§ WORK TO COMPLETE
Find "Originálny modro-zlatý ručne" below and begin at its line; stop after the line with "Diamond brand Wall". Output those lines exactly, without pictures.
------ INPUT FOR THIS TASK ------
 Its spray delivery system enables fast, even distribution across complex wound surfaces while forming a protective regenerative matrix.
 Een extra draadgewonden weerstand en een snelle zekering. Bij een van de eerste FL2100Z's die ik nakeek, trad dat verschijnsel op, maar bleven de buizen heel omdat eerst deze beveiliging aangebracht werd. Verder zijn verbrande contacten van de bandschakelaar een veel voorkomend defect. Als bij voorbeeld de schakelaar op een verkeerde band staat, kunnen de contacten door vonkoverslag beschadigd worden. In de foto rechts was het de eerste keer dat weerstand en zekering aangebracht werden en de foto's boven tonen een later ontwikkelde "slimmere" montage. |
------
------ INPUT FOR THIS TASK ------
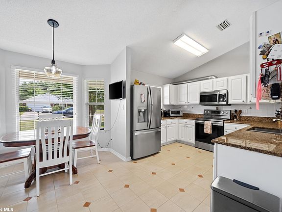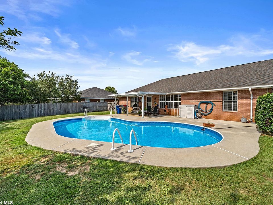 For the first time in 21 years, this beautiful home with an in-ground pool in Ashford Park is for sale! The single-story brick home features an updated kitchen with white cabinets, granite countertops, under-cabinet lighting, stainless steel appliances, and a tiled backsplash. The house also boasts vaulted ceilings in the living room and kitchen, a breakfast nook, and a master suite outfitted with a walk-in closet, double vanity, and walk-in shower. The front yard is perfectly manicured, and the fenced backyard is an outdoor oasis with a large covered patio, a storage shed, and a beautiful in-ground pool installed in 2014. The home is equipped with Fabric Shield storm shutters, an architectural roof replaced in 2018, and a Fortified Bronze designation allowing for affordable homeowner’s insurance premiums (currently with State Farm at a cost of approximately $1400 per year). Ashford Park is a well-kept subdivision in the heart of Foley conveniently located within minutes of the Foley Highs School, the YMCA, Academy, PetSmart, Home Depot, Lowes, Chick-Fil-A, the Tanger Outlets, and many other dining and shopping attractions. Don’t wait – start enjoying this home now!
------
------ INPUT FOR THIS TASK ------
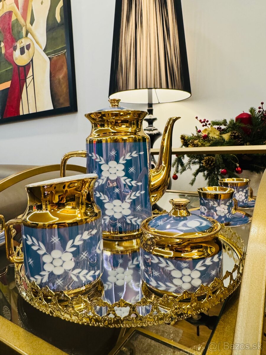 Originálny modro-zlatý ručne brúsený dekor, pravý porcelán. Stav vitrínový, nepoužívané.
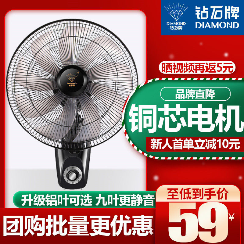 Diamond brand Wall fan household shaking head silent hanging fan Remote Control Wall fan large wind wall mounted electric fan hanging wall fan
------
§ EXERCISE SOLUTION
 Originálny modro-zlatý ručne brúsený dekor, pravý porcelán. Stav vitrínový, nepoužívané.
 Diamond brand Wall fan household shaking head silent hanging fan Remote Control Wall fan large wind wall mounted electric fan hanging wall fan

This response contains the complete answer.